Sunday, February 14, 2010

Letting Go, Episode 1


On the second night, we were still whispering. I tiptoed across the room and whispered a question to Becky. Also in a whisper, she began to respond and then, her train of thought interrupted, asked me in a normal conversational volume, "Why are we whispering?"

"I don't know," I answered, at the same volume level. I looked at the empty bassinet, and then at the screen on the video monitor, which showed a black-and-white Grace sleeping happily in her crib down the hall. I looked back at the bassinet, still propped up to alleviate Grace's reflux, which was now more askew than usual, tucked further back in the corner with the lamp awkwardly shining its full payload down on it, illuminating every bit of the inner bedding.

After 11-plus weeks, we had our room back. We could converse. We could have both lights on. We could put the white-noise on at our leisure. Heck, we could even watch TV. I'm supposed to be relieved, right? So, why is my mind congested with the thoughts of summer camp, cars at 16, and even college? Why, alongside the joy in seeing my little girl grow up before my eyes, do I have this gnawing little pain in my heart?

Parents always tell children that "the hardest part of being a parent is letting go." This usually follows some epic battle between parents and child, the parents stubborn and reluctant to let the child do something he REALLY wants to do because they feel it's "too grown up." Certainly, I don't regard Grace's graduation from bassinet to crib as "too grown up," but I was more reluctant than I ever thought I would be to let it happen, despite 11 weeks of lamenting the inability to watch TV in my own bed. When I saw that little face on the video monitor, however, and not in the bassinet in full color, my heart sank a little bit. "Oh my God," I said. "This is what I've always heard about, but never understood; this is the pain that accompanies letting go."

Children grow up; I've learned to accept this inevitability. I was, after all, a child myself once and, despite my undying belief as a child that I would never grow up, I have (sometimes, I think, unfortunately).

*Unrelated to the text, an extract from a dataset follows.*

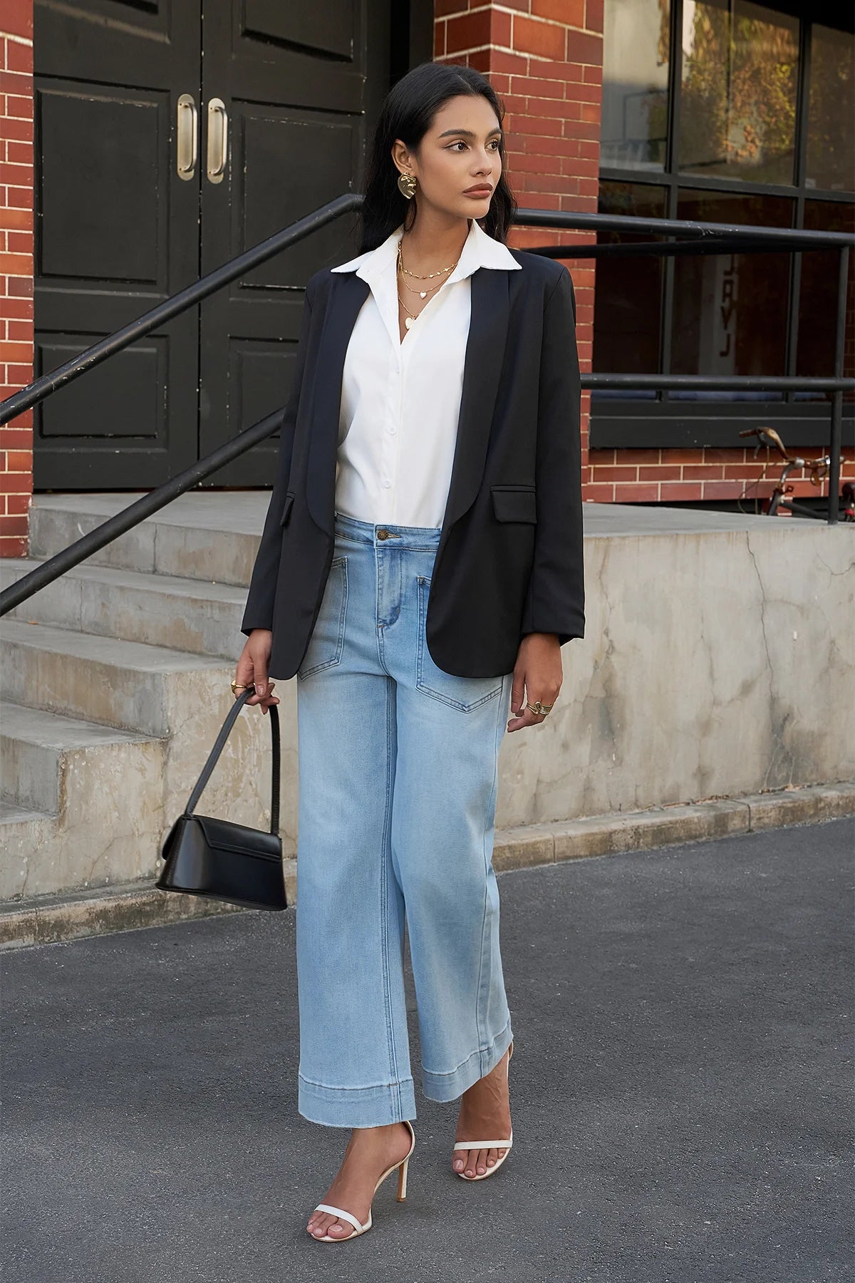 Womens Light Blue Cropped High Waisted Jeans | CicyBell

But, it never occurred to me how difficult it would be to accept, nee let, my children grow up.

I don't want to appear as if I am bemoaning my daughter's milestones. I am going to celebrate and look back with a bursting heart on that first word, those first steps, school plays, dance recitals and all the rest. The delight all of these occasions is going to bring me is impossible to deny. Equally impossible to ignore, however, will be the little heartaches each of these occasions are going bring. Because with each step she takes forward, this little blank slate gets something else written on it.

I know that she will always be my baby, but she won't be a baby for long. I guess the heartaches we get from watching them grow up are destiny's way of reminding us who they start off as and not to let them stray too far from our hearts. I know in a matter of days seeing her in her crib will not seem strange and the bassinet will probably be put in storage. But the intervening time will better acquaint me to yet another heartache that accompanies parenthood.